Burrows-Wheeler transform (or, BWT) is a block compression algorithm and is used in programs like bzip. The output of the algorithm is a string which contains chunks of same characters which can be easily stored in a compact form. The compression is lossless, that is, we can get back the exact original string from the compressed format. The way it works is pretty amazing.

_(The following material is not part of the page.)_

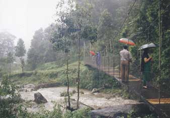 এমনিতে কালিম্পং মহকুমার মধ্যে পড়ে সুনতালেখোলা। কিন্তু, আলিপুরদুয়ার থেকেও খুব বেশি দূরে নয় এই পর্যটনকেন্দ্রটি। এই মুহূর্তে বন উন্নয়ন নিগমের আটটি কটেজ আছে এখানে। আছে দু’টি হনিমুন কটেজ এবং ২৮টি তাঁবু। চালসা পেরিয়ে সামসিং হয়ে সুনতালেখোলা পৌঁছতে হয়। এখানে যেমন চা-বাগান, পাহাড় রয়েছে, তেমনই মূর্তি নদী বা জঙ্গল এলাকাও খুব একটা দূরে নয়। কয়েক কিলোমিটারের মধ্যেই রয়েছে গরুমারা জাতীয় উদ্যান এবং চাপড়ামারি অভয়ারণ্য। সুনতালে মানে কমলালেবু এবং খোলার অর্থ নদী। সেই সুনতালে নদীর উপরের ঝুলন্ত ব্রিজ পেরিয়ে যেতে হয় বন উন্নয়ন নিগমের কটেজগুলিতে। ভুটান সীমান্তও এখান থেকে বেশ কাছে।

The algorithm is very simple, you just sort all the rotations lexicographically and take the last column of it. This last column is the Burrows-Wheeler transform of the string. An example will make it clear. Let our string be “PANAMABANANA”. We will add a $ at the end of the string, this end character should not be anywhere in the original string. (Considering $ to be the smallest character).

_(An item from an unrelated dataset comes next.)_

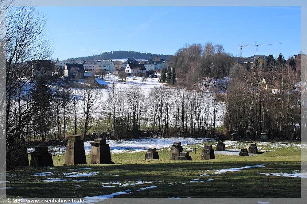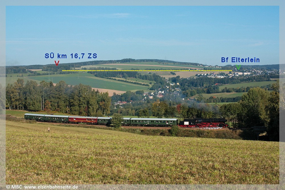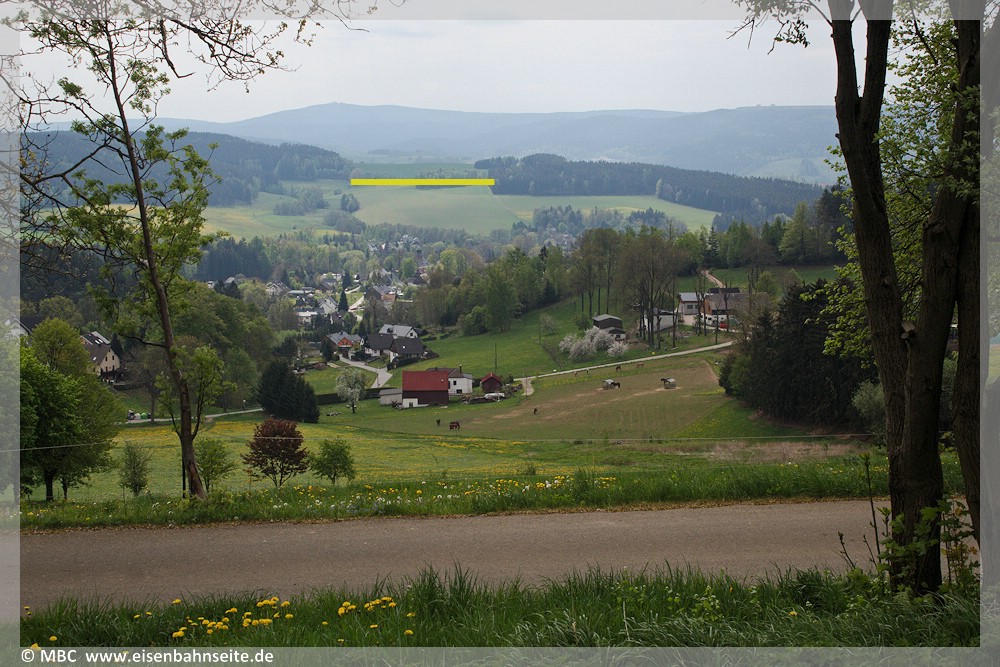 [33] Im Vordergrund liegt das asphaltierte ZS-Planum. Die gelbe Linie markiert die BSg zwischen Scheibenberg und Markersbach unweit des Emmlerweges. Links darüber thront der Fichtelberg, rechts das Oberbecken des Pumpspeicherwerkes. Zwischen beiden Bahnstrecken liegt die Gemeinde Schwarzbach – seit 1996 Elterleiner Ortsteil – in Tallage.[34] An dieser Stelle bietet sich auch der diametrale Blick an: Die gelbe Linie markiert nun die ZS. Der Gegenstandpunkt liegt etwa mittig auf dieser.

The final transformed string we get is “ANMNNBPAAAAA$”. This is the BWT of our original string. Compression? Here, we can see that we get chunks of same characters, like 5 A’s. We can store it as “ANM2NBP5A$”. For some strings we can get even more characters together in a continuous run, resulting in better compression. Great! So, do we always get same characters together? NO. For example:
“AC$BCDABDBADC”. Here none of the characters is together. Nothing to compress. Worse than the original string. Let’s see another example.
“3C$3A3B”. Isn’t it nice? Hmm… So when do we get repeated characters? Well, if there are substrings which occur often in the string (like in “ABCABCABC”), then there will be more characters together. This turns out to be great for compressing strings with repeats, like the DNA sequences, where we have only 4 characters (A, C, G, T) and a lot of repeated patterns.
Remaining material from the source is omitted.